What I want to do:
There is a external chip with a parallel interface ( 8 or 16 bits) and a strobe-clock. Each time the strobe-clock line from this chip goes low a new byte at the output port of this chip is valid.
Examples for this are fast ADC-chips or camera chips. E.g. see page 13 in this pdf:
http://www.sparkfun.com/datasheets/Sensors/Imaging/TCM8240MD_E150405_REV13.pdf
DCLK is the strobe clock I mentioned above, and there is a VBLK and HBLK signal to indicate the start of the stream. Does it make sense to interface a 1.3MPix camera chip - with 10MBytes for one raw picture - to the MSP430 wtih 16kBytes of RAM? Yes! I only need one line from the sensor (e.g. for bar code reader), and the TCM8240 is quite cheap.
How to do it using DMA:
I want to use a F5438A and its DMA capabilities to get the byte stream into the RAM of the MSP430. I will tie DCLK, VBLK and HBLK together using a NAND and feed this to P2.7 (DMAE0 this is DMATrigger31 signal). The parallel bus (D0-D7) is connected to a MSP430 port - e.g. P6. DCLK is asynchronous to MCLK. According to the datasheet the MSP430 needs 4 MCLK's to get a byte from the port to RAM after the DMA trigger signal has been activated.
The question:
When is the byte at input port P6 read? How long has the byte at P6 to be stable? In which of the 4 MCLK's is it read? I see no timing diagram in the datasheet.

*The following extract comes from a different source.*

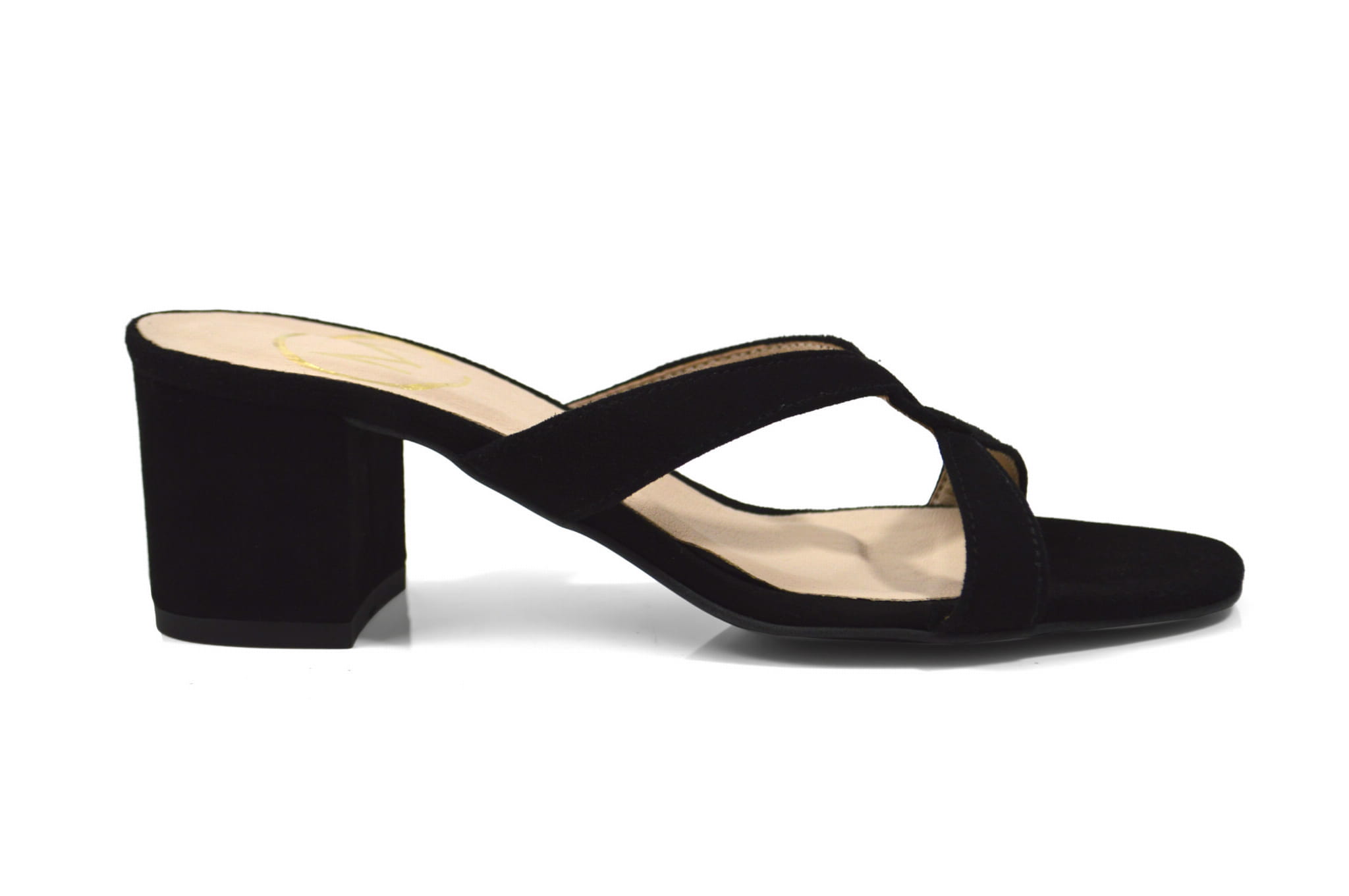 Czarne klapki skórzane zamsz na klocku

My assumptions - after reading the manuals - are:
1st cycle: synchronise (finish the last command of the CPU)
2nd cycle: read P6
3rd cycle: write to RAM
4th cycle: synchronise
Is this ok? I think it is a good idea to put a latch in front to P6. With 24MHz MCLK the MSP430 should be able to handle a 6MHz DCLK.
Is there a better way to get a external clocked byte stream into RAM? Maybe it is better to try to get the external strobe clk synchonous to MCLK and use burst mode and just 2 MCLK cycles per byte. Hmm are there any application notes or examples available somewhere?